Turner focuses on the fact that humans learn by doing and by being part of a community. You learn how to read a judge’s mood or how to comfort a grieving patient not by reading a manual, but by absorbing the “feel” of the situation over years. This knowledge is sub-linguistic. Because LLMs operate entirely within the realm of language and explicit symbols, they lack the “habits” that Turner considers the core of human practice.
This adds a layer of depth to Ozimek’s optimism. The reason we prefer the human touch is not just a sentimental whim; it is a recognition that the human possesses a deep, tacit understanding of the context that the AI cannot access.
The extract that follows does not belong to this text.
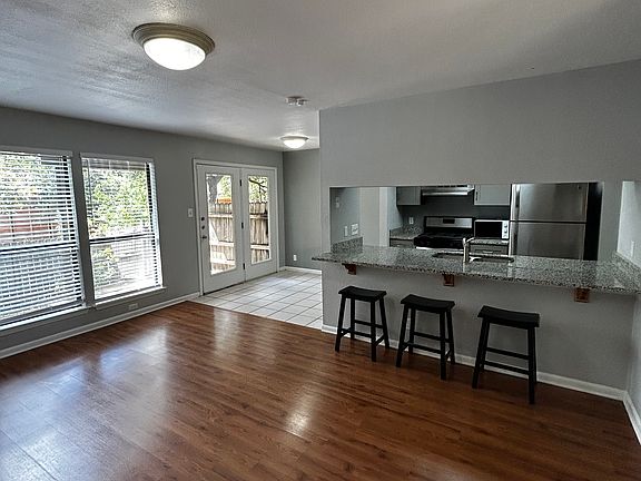 - 2 Large Bedrooms & 1.5 Baths (Approximately 1,100sf) - Quiet neighborhood - Energy Efficient A/C & Heating System (Lower Bills) - S/S Appliances (Gas stove, Dishwasher, Refrigerator) - Granite countertops - Ceiling fans in bedrooms - Tile Entry, Kitchen, Utility Room, and both Baths - Laminate and Hardwood flooring in the living room and bedrooms - Fireplace - Large Deck off Primary Bedroom - French Doors to Primary Bedroom Deck - Walk-in Closets/Under stair Storage/Kitchen Pantry - Energy-Efficient Windows in Den - Vinyl blinds throughout - Landscaped Entry - Yard Service Included - Covered back patio - Fenced backyard - One-car garage with built-in cabinets Tenant is responsible for all utilities. Security Deposit is required upon signing, pro rated first month rent.
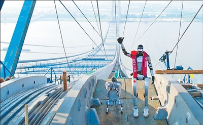 “相信在不久的將來(lái),機(jī)器人會(huì)替代部分橋梁工程的人工操作環(huán)節(jié)?!敝薪欢骄盅啻夐L(zhǎng)江大橋項(xiàng)目技術(shù)負(fù)責(zé)人羅航說(shuō),未來(lái)借助機(jī)器人完成巡檢,能大幅降低人員的勞動(dòng)強(qiáng)度。(韓 鑫)

We value the live musician or the experienced waiter because they react to the silent cues of the room in ways a programmed device cannot. They possess the “feel” for the moment.
Turner’s work suggests that as AI masters the explicit tasks—the “book knowledge” of law or medicine—the market value of the tacit will skyrocket. The things we cannot explain how we do will become the only things worth paying for. In legal work, this means the value moves away from the “what” of a legal filing and toward the “how” of navigating the social and political reality of a law firm or a courtroom.
The “human touch” is actually a shorthand for the deployment of tacit knowledge. We feel safer with a human because we know they are drawing on a well of experience that goes beyond the data on the screen.